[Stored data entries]
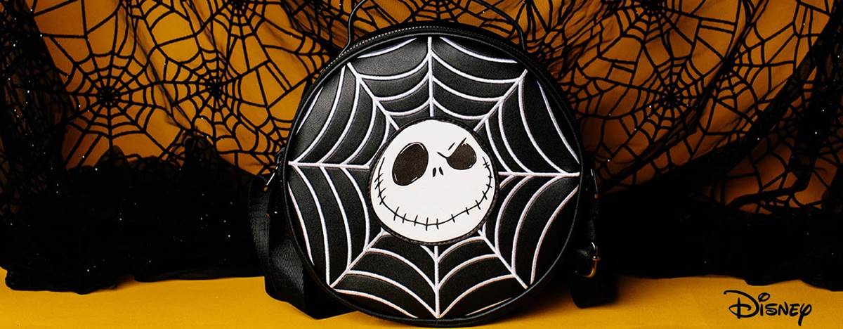 Keep your cards and cash handy in the cute wallet featuring Disney Villains and Hocus Pocus’ Thackery Binx. For something a bit more substantial, opt for the Jack Skellington Spider Web bag.
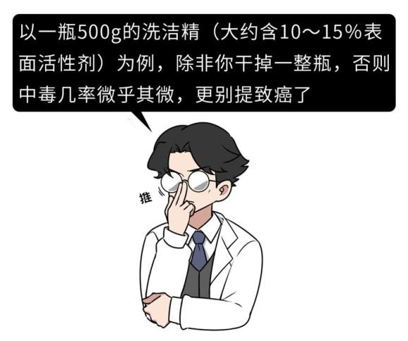 如若想让一个体重60kg的人因洗洁精而急性中毒死亡,至少需要摄入60g的表面活性剂。
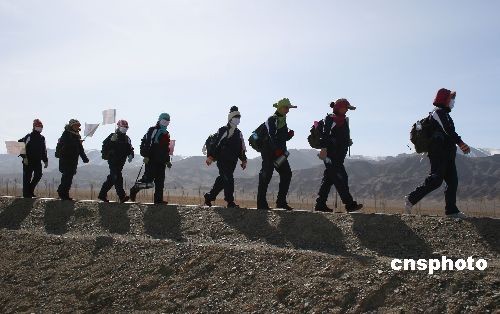 2月28日,新疆哈密伊吾縣八名農(nóng)牧民婦女從302省道50公里處走過。2月27日,新疆哈密伊吾縣八名農(nóng)牧民婦女為慶三八、迎接奧運自發(fā)組織徒步行走208公里,此次活動將用八天時間走完全程。她們的行動受到了沿途農(nóng)牧民的支持和好評。中新社發(fā) 普拉提 攝
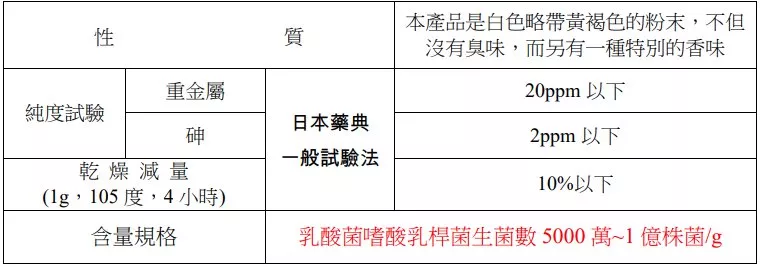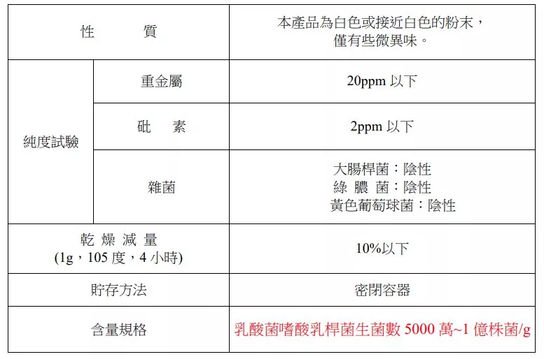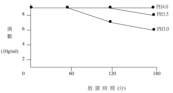 PH 值的安定性: A菌放置在已調整過PH值的檸檬酸鈉、鹽酸緩衝液於37度的條件下溶解,然後從試驗開始、60分鐘後、120分鐘後、180分鐘後菌數去測定。在PH4的溶液中就算放置了180分鐘後菌數大致上維持初期的數值,而當PH值降低時菌數也跟著減少,但減少曲線是呈現出緩和的。
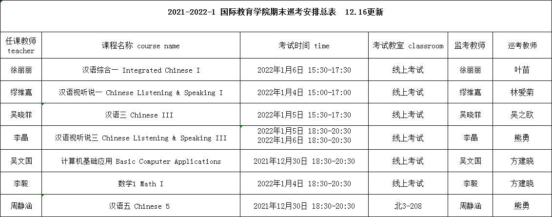 为严肃考风考纪,保证考试工作的顺利进行,根据区块链游戏 要求,区块链游戏 组织区块链游戏 领导对期末考试进行巡查,巡考工作安排表如下:
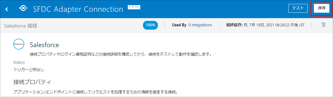 OICに事前定義されたSFDCアダプタを利用して、SFDC接続を作成します。
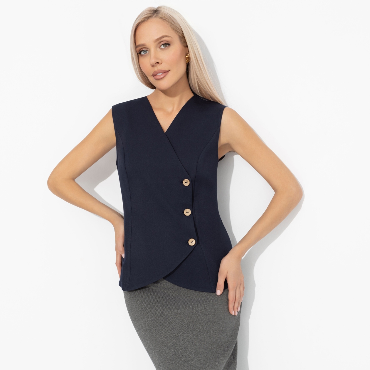 Жилет ЧАРУТТИ говорит о творческом подходе к деловому стилю. Асимметричные пуговицы добавляют современный и смелый акцент, нарушая традиционные правила офисного дресс-кода. Надень его поверх шелковой блузы, чтобы подчеркнуть талию и создать образ элегантной загадочности. Он идеально дополнит как классические брюки для встречи, так и юбку-миди для романтического ужина. Жилет в деловом стиле. Изделие приталенного силуэта укороченное. Асимметричное расположение пуговиц изделия.
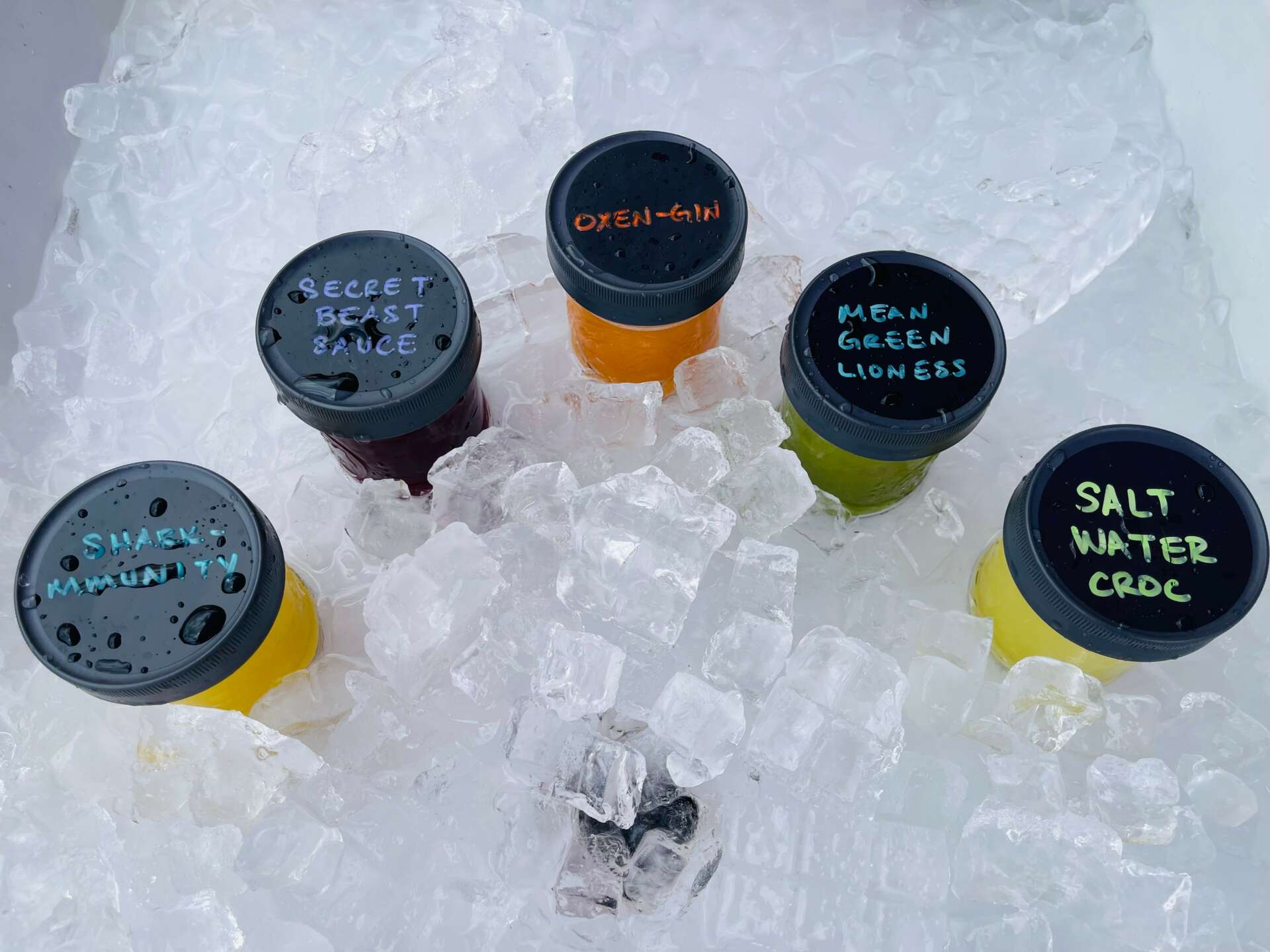 — I originally created these option for myself, whether i’m at an event, hosting an event, at the gym or riding around Houston, you can probably catch me with a mason jar filled with my Drip of choice, the option depends on what’s needed for the day. For example I start my day with some C-MOSS & Syrup of the Elders, I start my workout with Secret Beast Sauce. If I feel like my throat is scratchy, not feeling 100% or just feeling bit sluggish in that moment I’ll have a Shark-Mmunity or Oxen-Gin as a pick me up. If my stomach is acting a little funny Mean Green Lioness is THE CHOICE for the tummy reset.
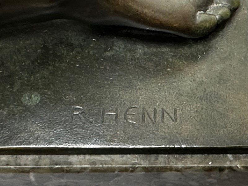 By the known listed German born sculptor Rudolph Henn he was born in 1880-1955) was born in Olsbrücken in Germany. Around the beginning of the 20th century Henn read figural sculpture at the Academy of Applied Arts in Munich, he fought as a soldier in WW1 in the German army. He moved together with his wide & children to America at the end of the 1920's when there was a terrible economic depressions & they lived in New York. He was known to have worked on housing design projects in New York with Heinz Warnecke & Theodore Barbarossa.

What you need to do: Retype only the lines that run from the first line of the entries above to the line containing "Жилет ЧАРУТТИ говорит", both included. Do not carry over any pictures.

Result below:
 Keep your cards and cash handy in the cute wallet featuring Disney Villains and Hocus Pocus’ Thackery Binx. For something a bit more substantial, opt for the Jack Skellington Spider Web bag.
 如若想让一个体重60kg的人因洗洁精而急性中毒死亡,至少需要摄入60g的表面活性剂。
 2月28日,新疆哈密伊吾縣八名農(nóng)牧民婦女從302省道50公里處走過。2月27日,新疆哈密伊吾縣八名農(nóng)牧民婦女為慶三八、迎接奧運自發(fā)組織徒步行走208公里,此次活動將用八天時間走完全程。她們的行動受到了沿途農(nóng)牧民的支持和好評。中新社發(fā) 普拉提 攝
 PH 值的安定性: A菌放置在已調整過PH值的檸檬酸鈉、鹽酸緩衝液於37度的條件下溶解,然後從試驗開始、60分鐘後、120分鐘後、180分鐘後菌數去測定。在PH4的溶液中就算放置了180分鐘後菌數大致上維持初期的數值,而當PH值降低時菌數也跟著減少,但減少曲線是呈現出緩和的。
 为严肃考风考纪,保证考试工作的顺利进行,根据区块链游戏 要求,区块链游戏 组织区块链游戏 领导对期末考试进行巡查,巡考工作安排表如下:
 OICに事前定義されたSFDCアダプタを利用して、SFDC接続を作成します。
 Жилет ЧАРУТТИ говорит о творческом подходе к деловому стилю. Асимметричные пуговицы добавляют современный и смелый акцент, нарушая традиционные правила офисного дресс-кода. Надень его поверх шелковой блузы, чтобы подчеркнуть талию и создать образ элегантной загадочности. Он идеально дополнит как классические брюки для встречи, так и юбку-миди для романтического ужина. Жилет в деловом стиле. Изделие приталенного силуэта укороченное. Асимметричное расположение пуговиц изделия.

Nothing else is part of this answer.